OMAGGIO A PAGAFONE

 

L’insediamento di Pagafone risale alla fine del seicento. E’ in questo periodo che la Repubblica Veneta mostra nuovo interesse per lo sviluppo delle attività agropastorali di terra ferma e a questo periodo risalgono molte delle costruzioni  di Fuipiano



L’assetto urbanistico del nucleo di Pagafone era quello tipico dei piccoli insediamenti di montagna posti ai confini di un territorio. Ci si trova infatti all’estremo occidentale della Repubblica Veneta verso lo Stato di Milano.

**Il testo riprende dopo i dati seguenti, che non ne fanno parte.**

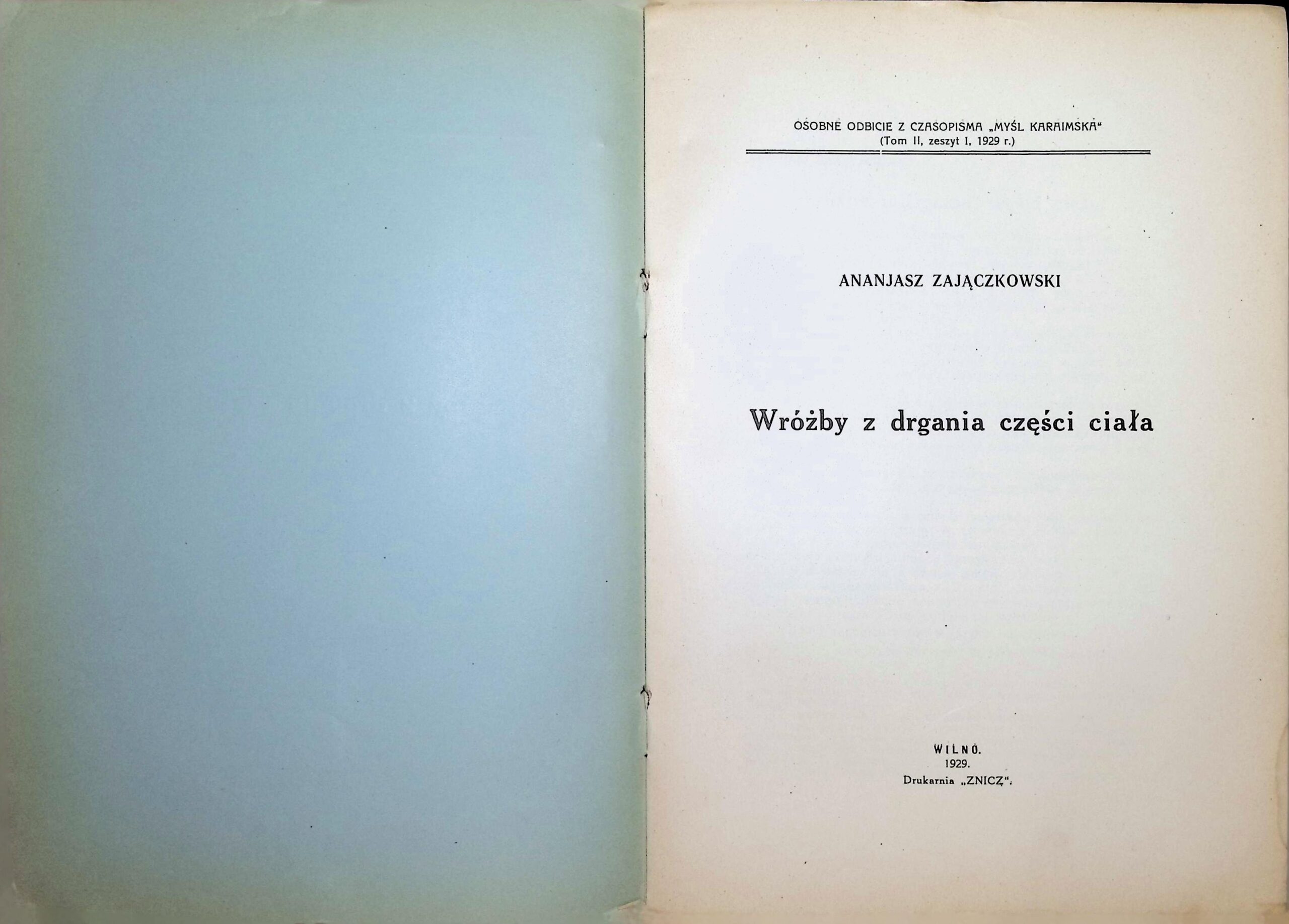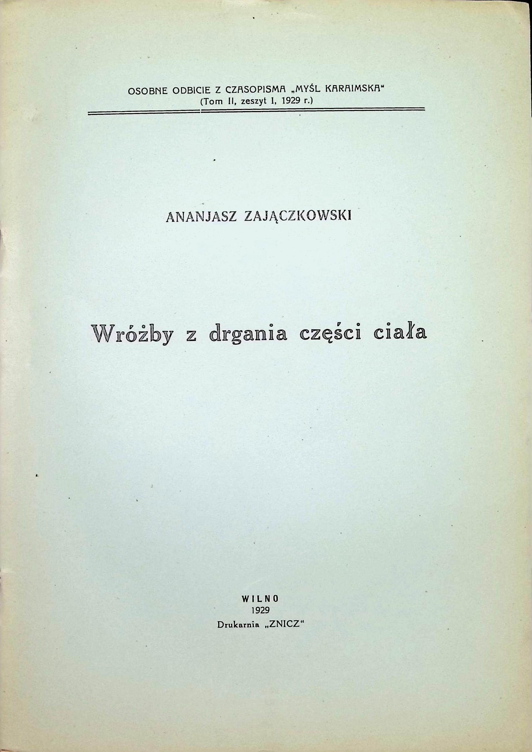 Ворожіння з тремтіння частин тіла Книги, Роки Назва: Ворожіння з тремтіння частин тіла Дата: 1929 р. Опис: Ананяш Заячковський. Ворожіння з тремтіння частин тіла. Вільно, 1929 р. Видруковано видавництвом «ZNICZ» Інвентарний номер: НЗДГ КН-6604 РКГ-701
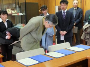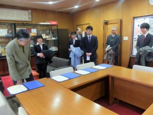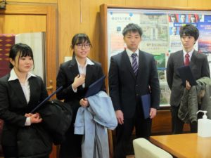 左から鶴田学部長、田中さん、番匠谷さん、松田学長、小峠さん、角南さん、田村学部長補佐です。
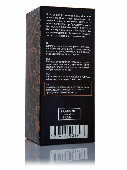Тандем восточного древесного аромата и возбуждающих феромонов мужской туалетной воды "Gourman" №4 составлен из нот табачного листа, специй, бобов тонка ванили, какао и сухофруктов.
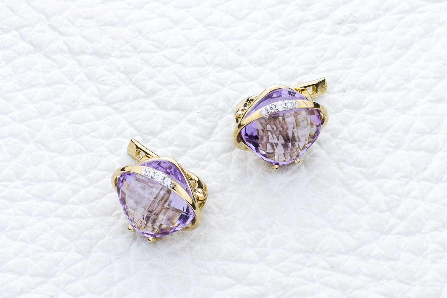 Мастера компании NEWGOLD, приложив всё свое мастерство и искусство, создали для Вас на нашем собственном производстве Серьги из жёлтого золота с 8 аметистами.
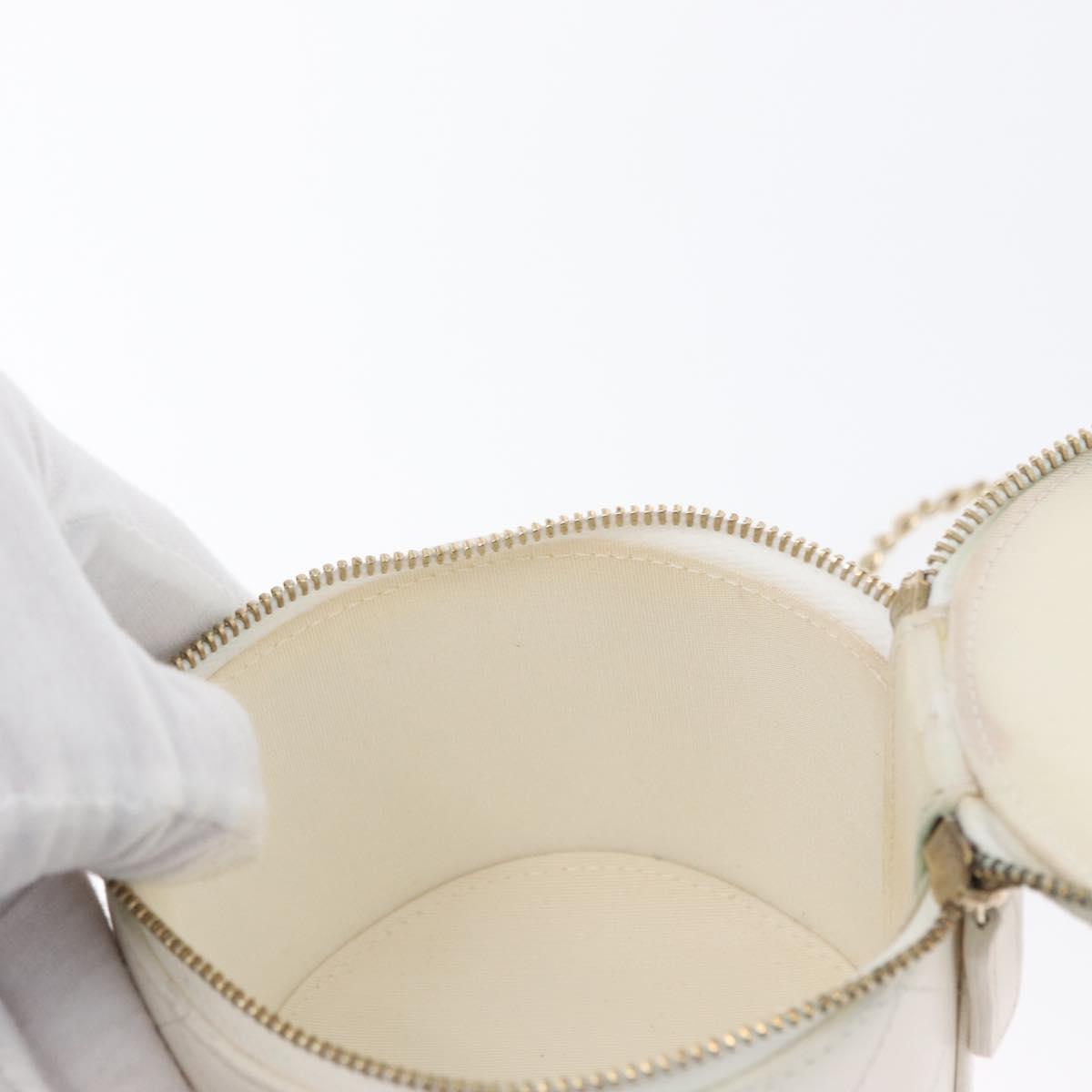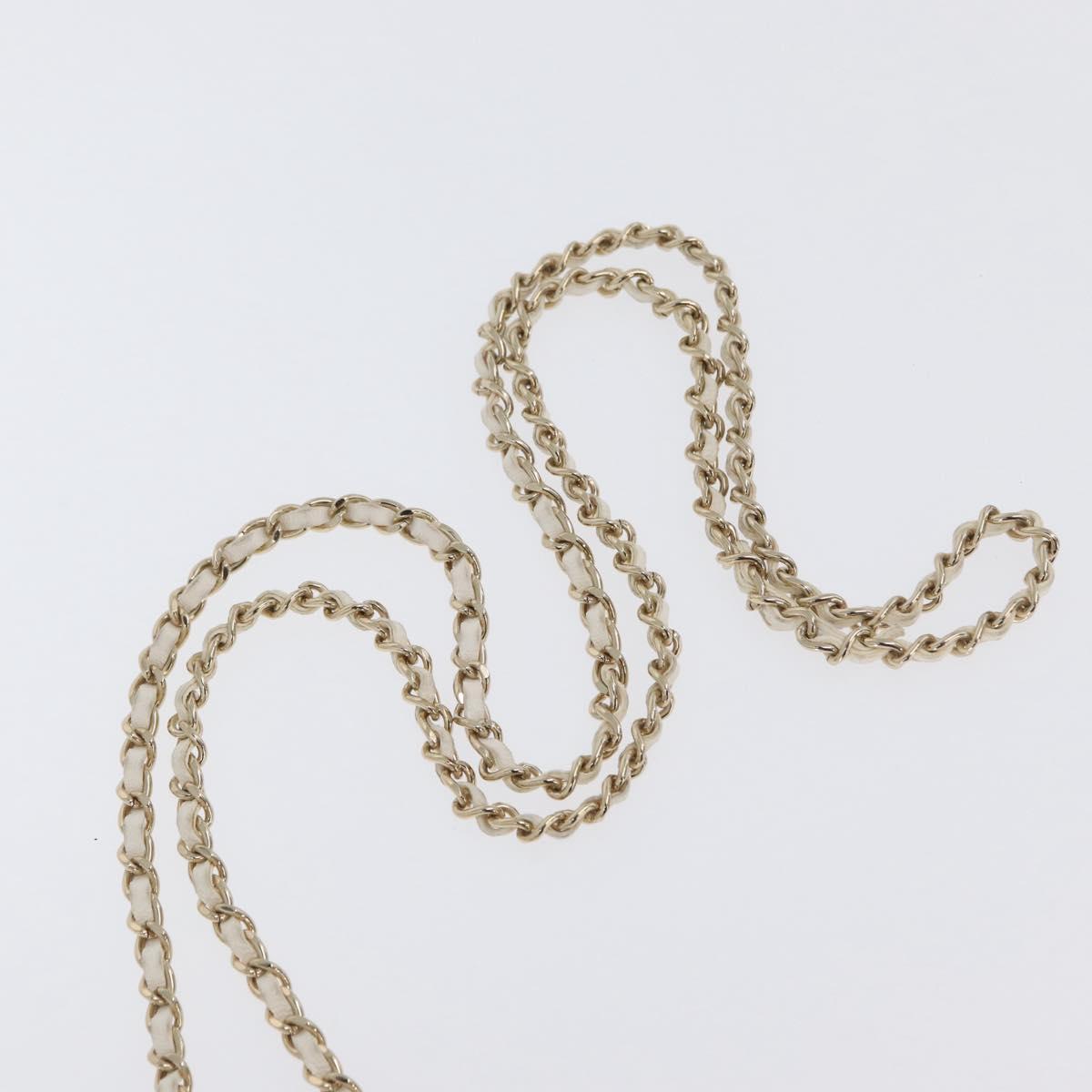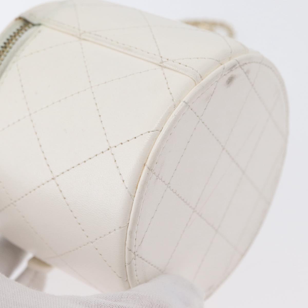 CHANEL Matelasse Chain Shoulder Bag Lamb Skin White Gold CC Auth 170857M

Per necessità di difesa, gli edifici si sviluppavano attorno ad uno spazio centrale, chiuso alle due estremità da massicci portoni. 



Sempre per motivi di sicurezza il passaggio da un piano all’altro era garantito da un ardito sistema di scale che consentiva di passare da una lobbia all’altra senza uscire.

All’esterno le stalle ed i fienili, oltre alla Chiesetta e ad un mulino. Era infatti ancora ben visibile un canale artificiale che convogliava verso il mulino l’acqua della valle.



Come nel resto della valle, gli edifici erano realizzati in pietra locale così come i tetti, coperti con le tipiche piode.